Let's look more closely at Scotiabank to see how it did and what it sees ahead.
Scotiabank earnings stay atop the $2 billion mark
Scotiabank's fiscal first-quarter results started 2017 on the right foot for the Canadian bank. Total revenue rose 8% to C$6.87 billion, which was almost exactly what those following the stock had predicted for the bank's top line. Net income jumped 11% to C$2.01 billion, and that produced earnings of C$1.57 per share. That figure was also in line with the consensus forecast among investors.
Looking more closely at the numbers, Scotiabank continued its run of solid fundamental results. Net interest income climbed 4%, but non-interest income from fees and other sources was up a much more impressive 13% from year-ago levels. Provisions for credit losses inched higher by about 3%, but expenses grew at a modest rate that helped support Scotiabank's bottom line.
Scotiabank's global reach proved its value during the quarter. The global banking and markets division, which had lagged in recent quarters, produced a 28% jump in net income. Fixed income recovered lost ground, and strength in Europe and within Canada also helped offset weakness in investment banking and in the Asia region. The international banking division also performed well, with net income rising 14% due to loan and deposit growth along with wider net interest margins and higher fee income. The core Canadian banking business enjoyed a 12% rise in net income, also benefiting from higher net interest income and revenue from wealth management services.

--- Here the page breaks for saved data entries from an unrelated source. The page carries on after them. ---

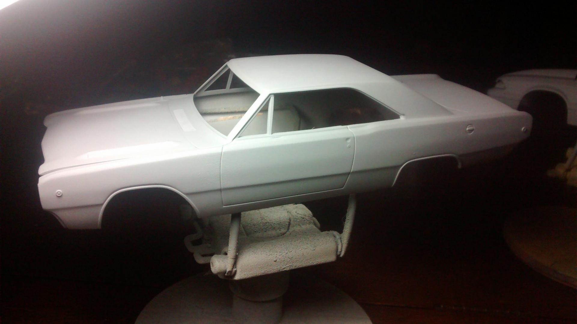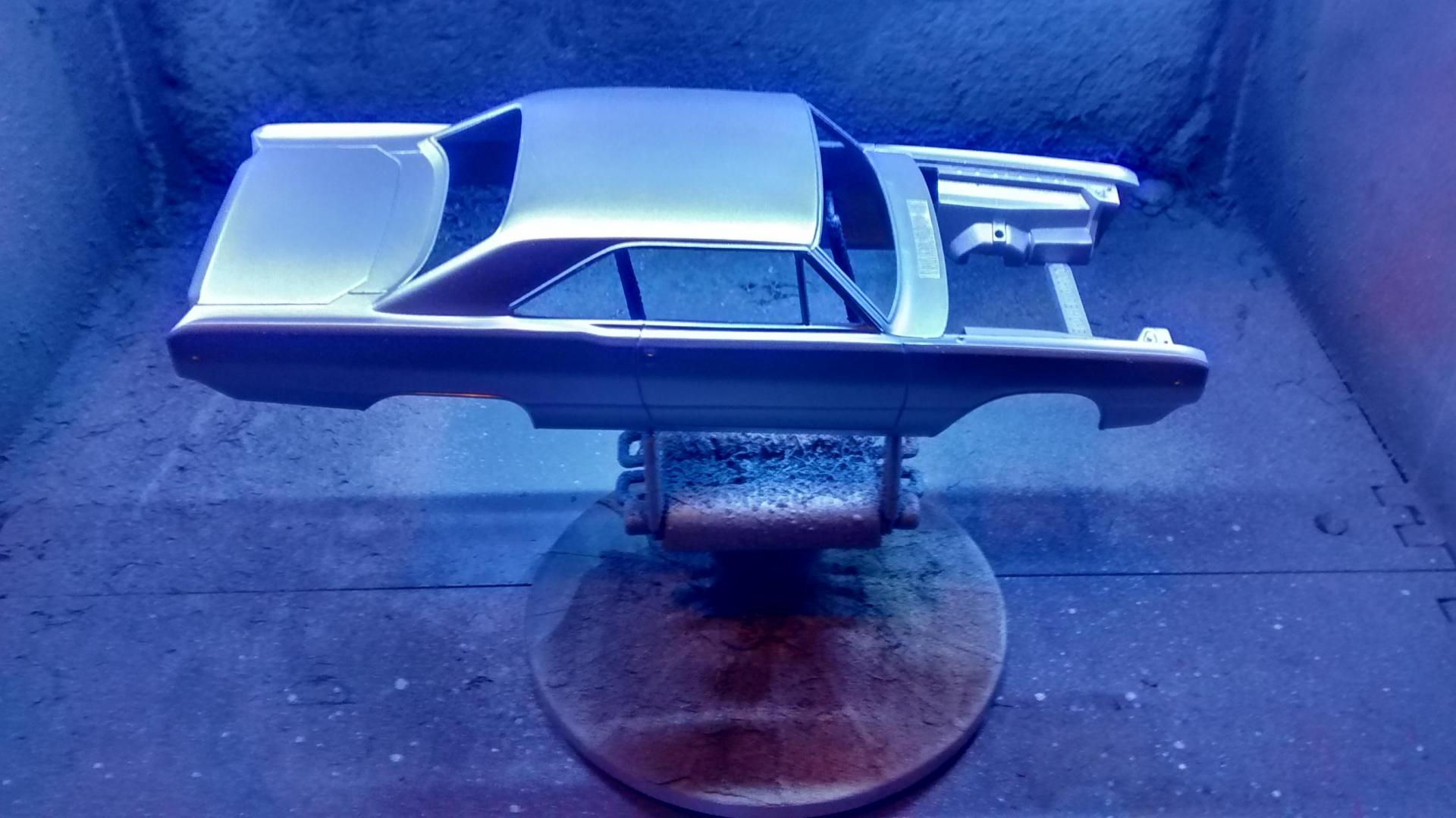 Got some gray goo laid down today. I was originally going to use a black primer, but Landy's cars appear to be a brighter silver, so gray should work good for the undercoat. I must say, it's a joy working with gray primer as opposed to my usual white. Being able to actually see how much you're putting down makes life soooo much easier lol
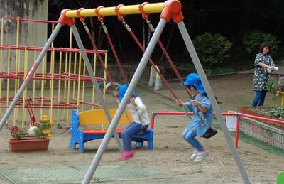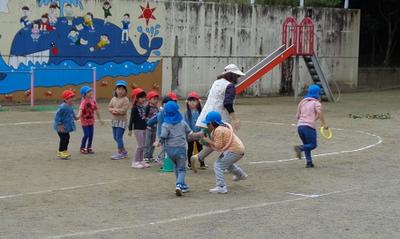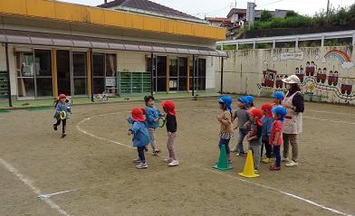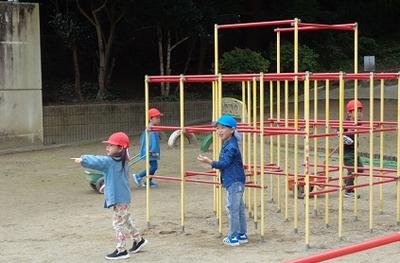 子どもたちは、園庭で自由遊びを楽しんでいました。「だるまさんがころんだ」で遊んでいる子ども、ジャングルジムで遊んでいる子ども、小さなリアカーをひいたりキックボードで遊んでたりする子ども、など様々です。友だちと遊ぶと楽しいですよね。そして、子どもたちはこうした遊びから様々なことを身につけていくのですね。
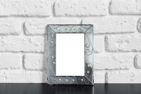 Photo frame with copy space against white brick wall
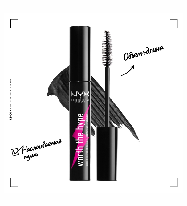 NYX PROFESSIONAL MAKEUP WORTH THE HYPE VOLUMIZING & LENGTHENING MASCARA / ТУШЬ ДЛЯ РЕСНИЦ (7 мл.)
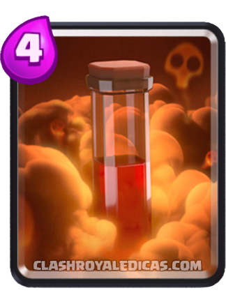 Esta carta funciona da mesma forma que no Clash of Clans. O Feitiço de Veneno causa dano as tropas em batalha pelo custo de 4 de elixir. Um diferencial é que ele também consegue causar dano nas Torres da arena.

Improvements in capital position also boosted Scotiabank. The bank saw its common equity tier 1 ratio rise to 11.3% from 11% three months ago. Strong internal capital generation explained much of the advance.
CEO Brian Porter summed up the situation quite succinctly. "All our businesses delivered strong results," Porter said, "contributing to solid top line growth and a continued improvement in efficiency." The CEO also noted that the bank's strategic agenda has moved forward well, and an emphasis on customer relationships should help Scotiabank both close to home and internationally.

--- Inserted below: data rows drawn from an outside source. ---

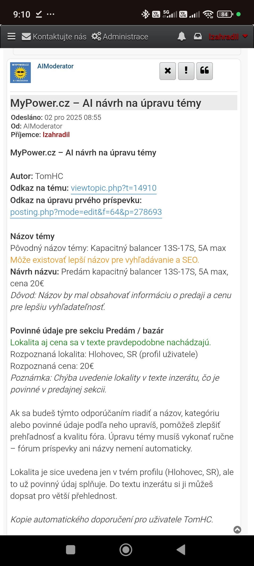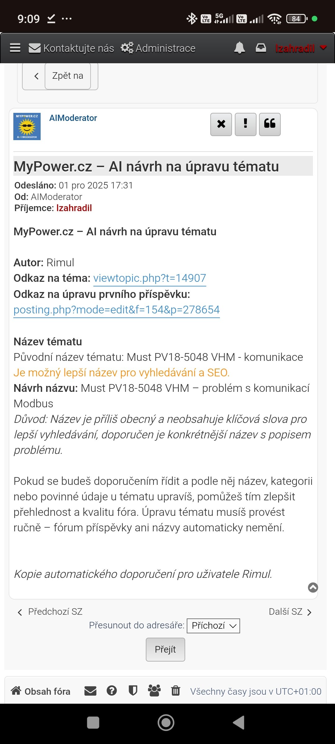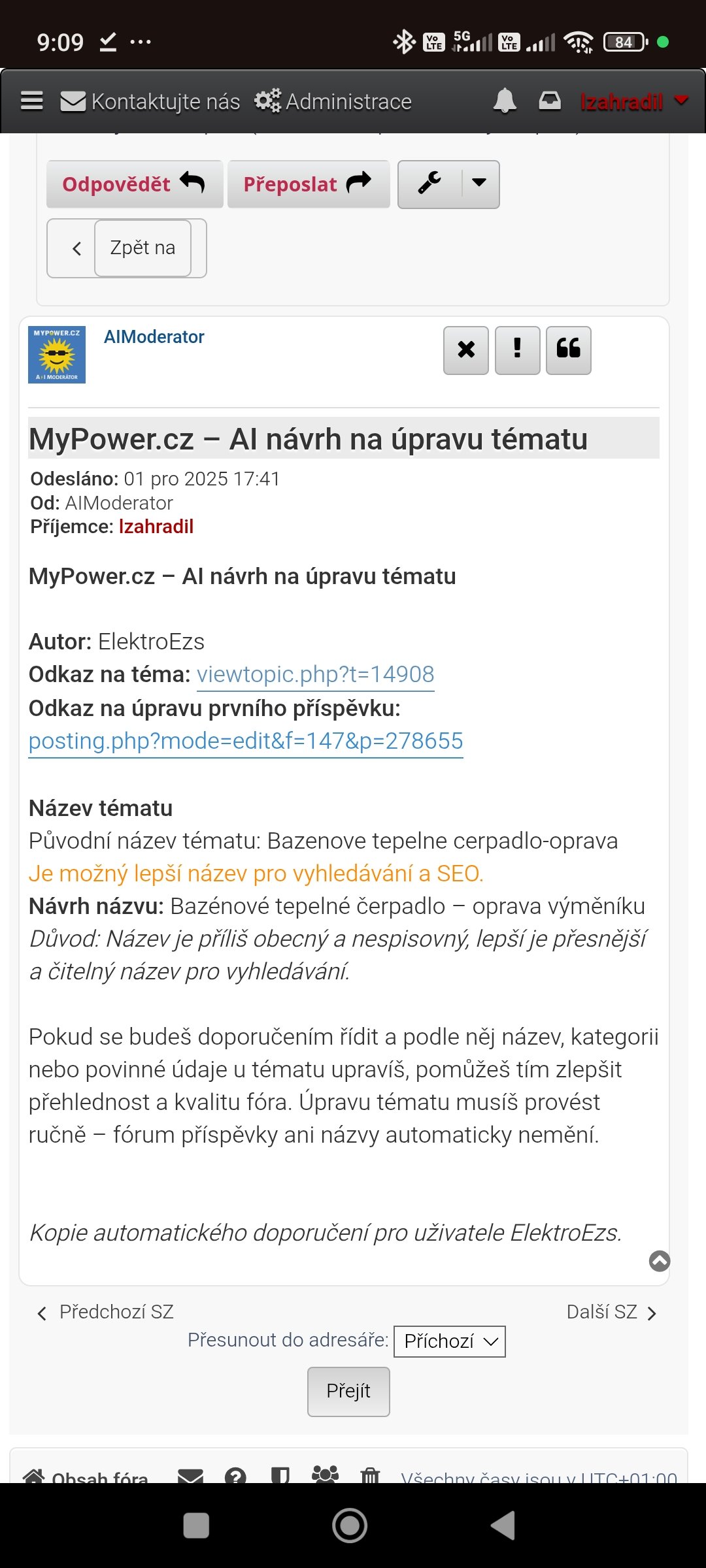 Re: AI Moderátor – nový pomocník pro zakládání témat a zlepšení přehlednosti fóra
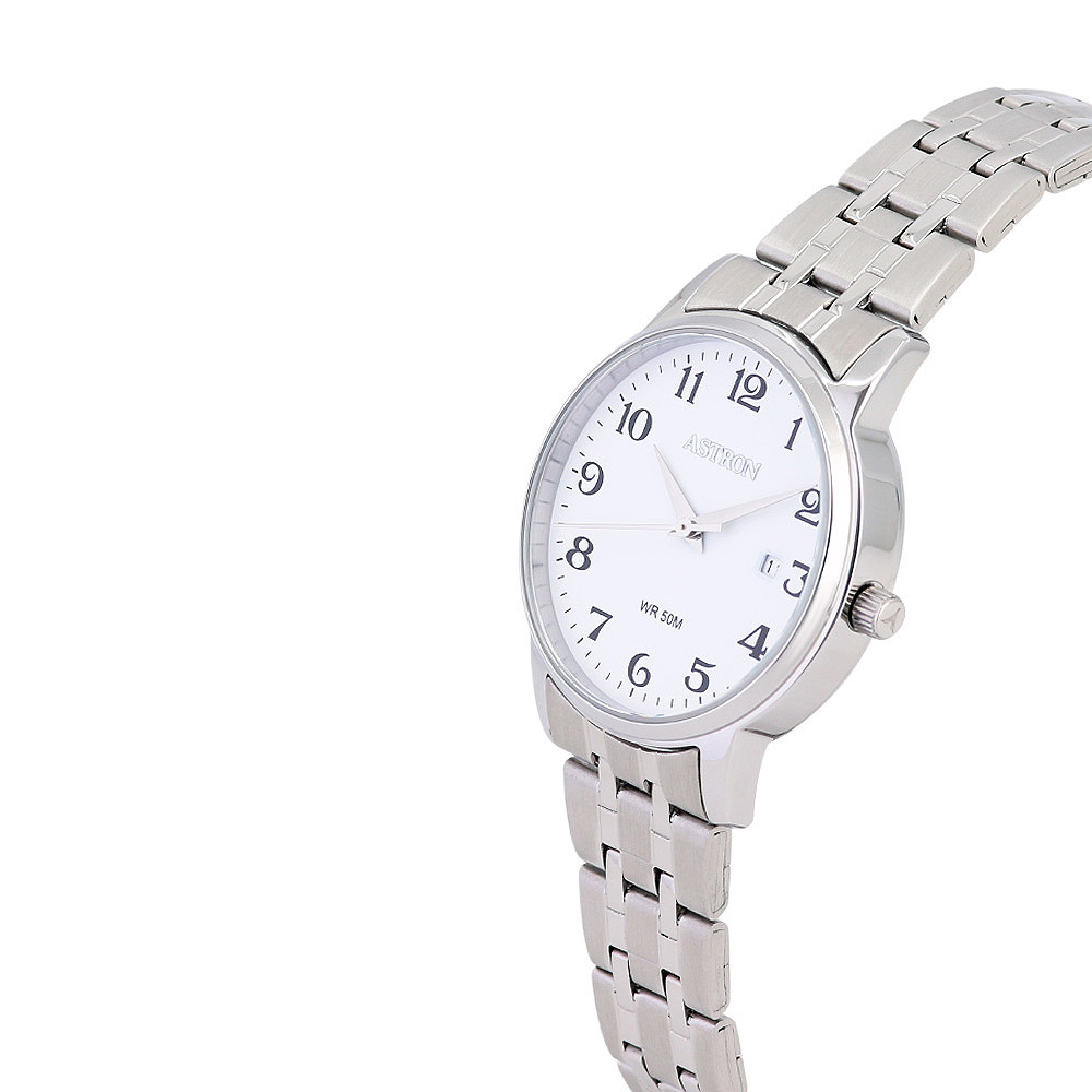 ASTRON 8047-7 női karóra, ezüst színű nemesacél tok, ezüst színű nemesacél csat, fehér számlap, keményített ásványüveg, quartz szerkezet, 50 m (5 ATM) vízállóság
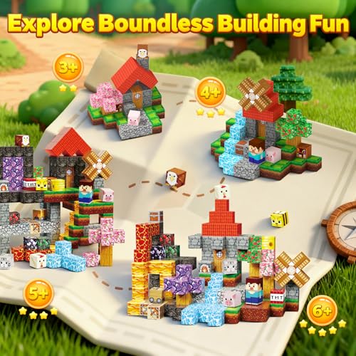 Safe & Travel-Friendly: Each 0.8×0.8×0.8 inch magnetic cube fits tiny hands ages 3+ perfectly—easy to grasp, stack, and assemble independently. Compact design makes it ideal for car rides or plane trips. Stable builds mean no frustrating collapses mid-play!

Can Scotiabank keep up the pace?
Scotiabank has identified key places where it expects to be able to move forward. In Canadian banking, improved product mix should help bolster profits. Solid growth in key Pacific Alliance countries should help the international banking business, while ongoing prowess in tapping into fixed-income and corporate lending globally will likely push Scotiabank's prospects forward around the world.
Investors in Scotiabank also got good news on the dividend front. The company raised its dividend by C$0.02 per share to a new quarterly payment of C$0.76 per share. That's a small boost, but Scotiabank made two increases in 2016, and it might be on track to follow that game plan this year as well.

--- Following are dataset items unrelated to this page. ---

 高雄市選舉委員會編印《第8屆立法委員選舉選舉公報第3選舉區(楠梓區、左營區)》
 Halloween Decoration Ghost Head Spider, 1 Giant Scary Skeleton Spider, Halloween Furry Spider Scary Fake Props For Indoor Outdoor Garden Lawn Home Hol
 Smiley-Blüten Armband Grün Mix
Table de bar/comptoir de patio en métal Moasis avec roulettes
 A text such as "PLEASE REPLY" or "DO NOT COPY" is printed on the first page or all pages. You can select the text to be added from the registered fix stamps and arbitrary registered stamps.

Scotiabank investors didn't react very strong to the largely anticipated news, and the stock eked higher by just a fraction of a percentage point. Nevertheless, Scotiabank has participated in the general uptick in global financial stocks over the past several months. By demonstrating its ability to capitalize on worldwide trends favoring financial institutions, Scotiabank is setting the stage for further outperformance during the rest of 2017 and beyond.